I just solved a weird MySQL replication problem and thought I would share with you all. First, the background. I have a master and slave running with one-way replication. The slave just sits by waiting for his time to shine, but otherwise doesn't do anything. Well, last week the master had a problem with the filesystem. I can't recall exactly what it was, out of space or something. It confused the heck out of the master and so it basically shut down. One of my co-workers fixed the problem and got the master running again, but the slave was in a pickle. Here is the error it was showing:

Relay_Master_Log_File: mysql-bin.031
     Slave_IO_Running: Yes
    Slave_SQL_Running: No
           Last_errno: 0
           Last_error: Query 'DELETE FROM foo WHERE bar = 1' caused different errors on master and slave.
                       Error on master: 'Got error %d from table handler' (1030), Error on slave:
                       'no error' (0). Default database: 'baz'
  Exec_master_log_pos: 118871

Because it thought the command failed on the master, it refused to continue. I can't say it's an altogether bad plan since data integrity is generally the main theme of a database (yes, cue the jokes about my using MySQL in the first place). The question became, how do I get the slave to start up again. "SLAVE STOP; SLAVE START" didn't have any effect.
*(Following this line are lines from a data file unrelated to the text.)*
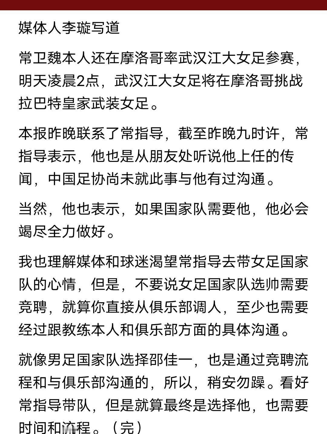 中国女足主帅现在有两个人选,但都不是足协定的。 是两家媒体定的。 《体坛周报》在北京时间15:23押注常卫魏。 三小时后,《足球报》在18:47亮出陈婉婷的名字。 两篇报道像两发炮弹,在球迷的信息流里炸开。 这不是报道,这是赛跑。 媒体在卷谁离“内部消息”更近一寸。 你看到的不是新闻,是两家机构对“定义真相权”的无声撕扯。 流量算法在背后计算每一次点击。 教练是谁已不重要。 重要的是,下一波流量浪头在哪里。 媒体在争夺定义女足故事的笔,而笔尖对准的,从来不是球场上的22个人。 当信源打架时,真相就迷路了。 这不再是一个关于谁执教的问题,而是一个关于我们如何被“告知”的样本切片。
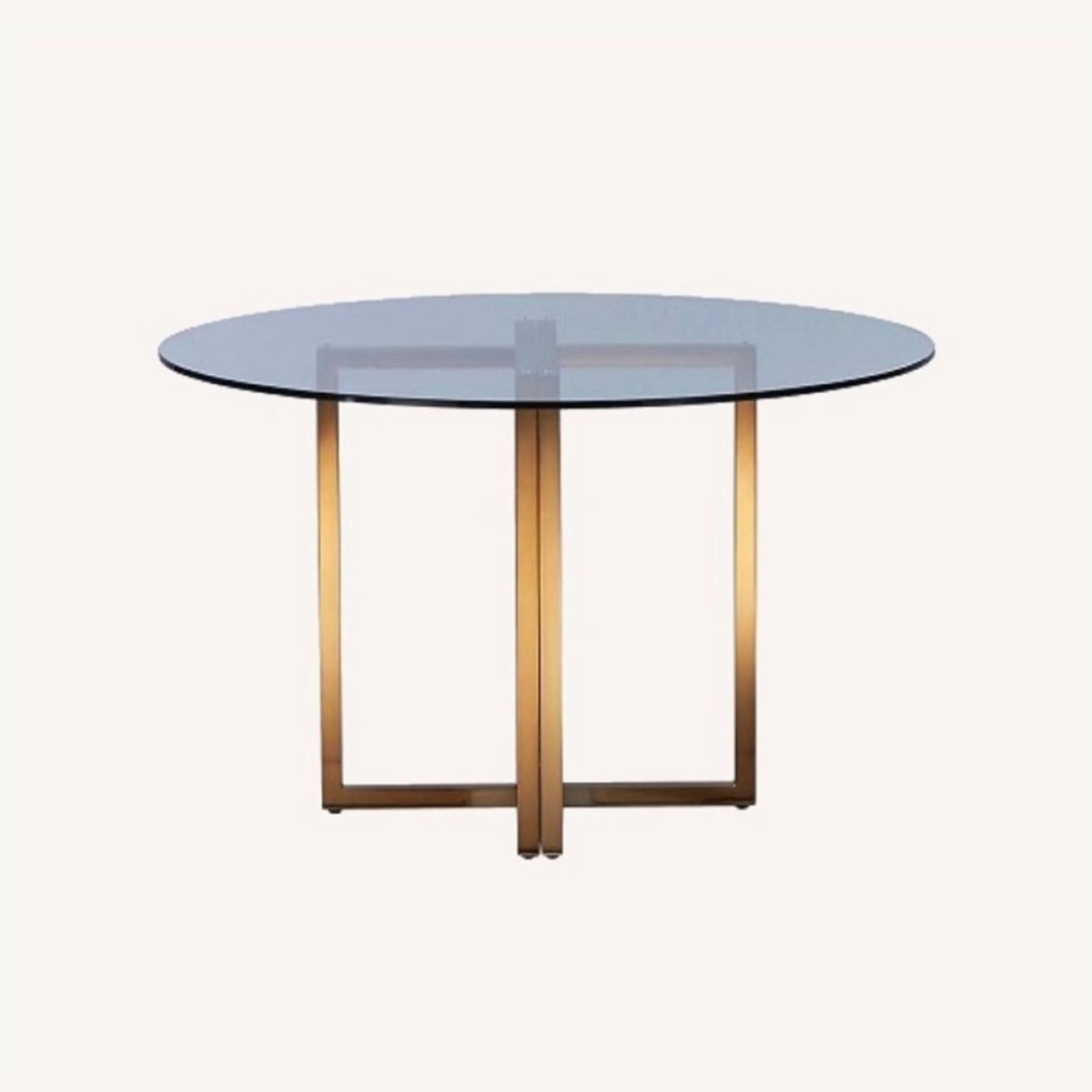 Seller's Notes:CB2 Silverado collection brass and glass dining table, 47” round. Beautiful table, gently used for 2 years, like-new condition.
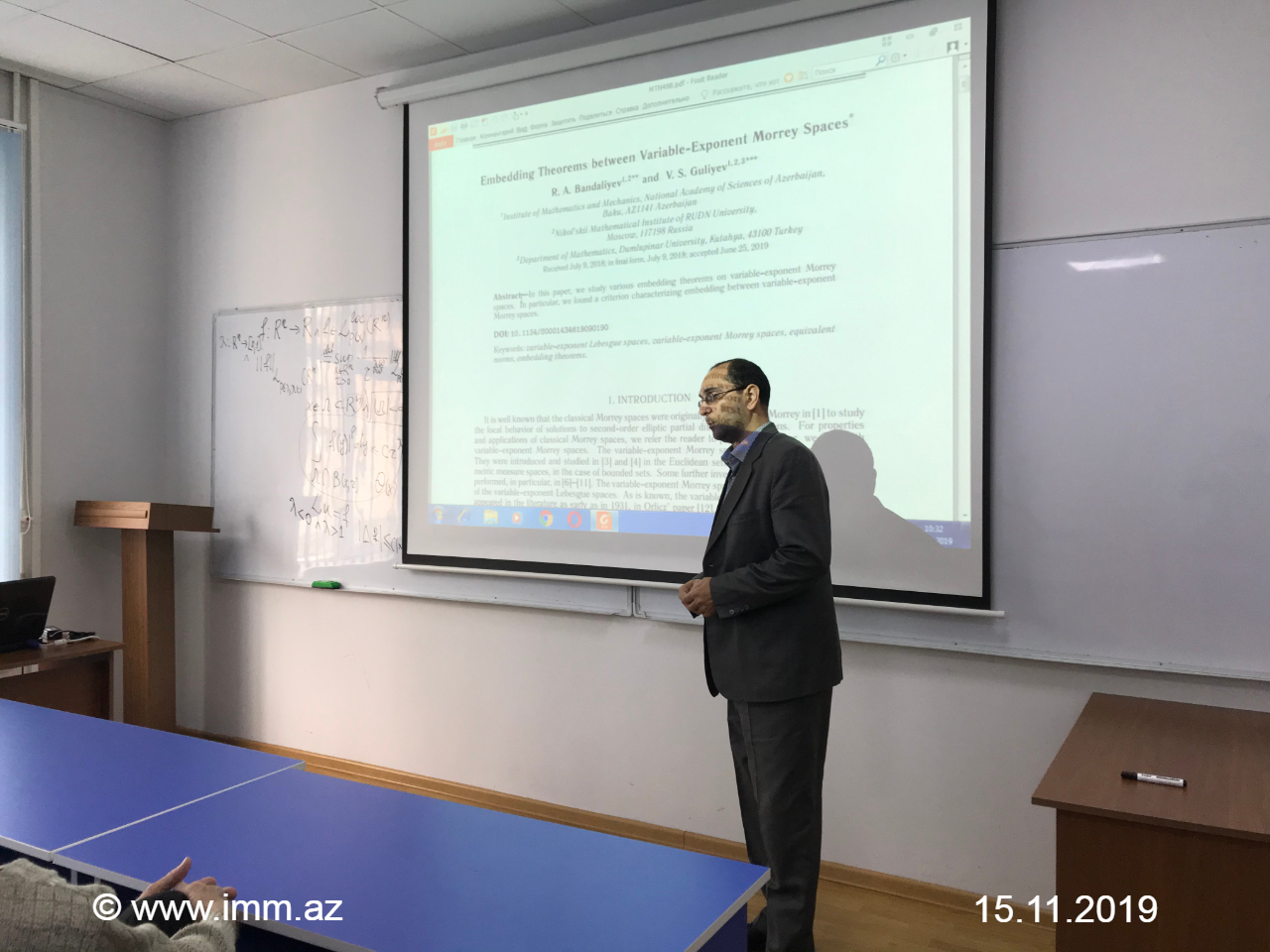 15.11.2019 года в 11:00 состоялся семинар отдела «Математический анализ» под названием “Современные проблемы гармонического анализа и его применение“. На семинаре с докладом на тему «Структурные свойства пространства Морри с переменным показателем» выступил главный научный сот. отдела, д.м.н., проф. НАНА, Ровшан Алифага оглы Бандалиев.

The trick was suggested to me by a post at mysql.com which pointed out a tool new to me, mysqlbinlog. See I figured the simplest thing would be to restart replication at the step just after the "failed" transaction, since I knew that transaction had actually succeeded. But I have no idea how the binlog counters work, so I couldn't just make up numbers. It's some kind of binary offset. Well, mysqlbinlog will show it to you.

# mysqlbinlog mysql-bin.031 -j 118871 |less

Which of course showed me this:

# at 118955
#080605 18:59:09 server id 1  log_pos 118955    Query   thread_id=3218  exec_time=0     error_code=0

So on my slave I restarted replication at offset 118955 and like magic, the slave ripped through the binlogs and caught up in practically no time at all.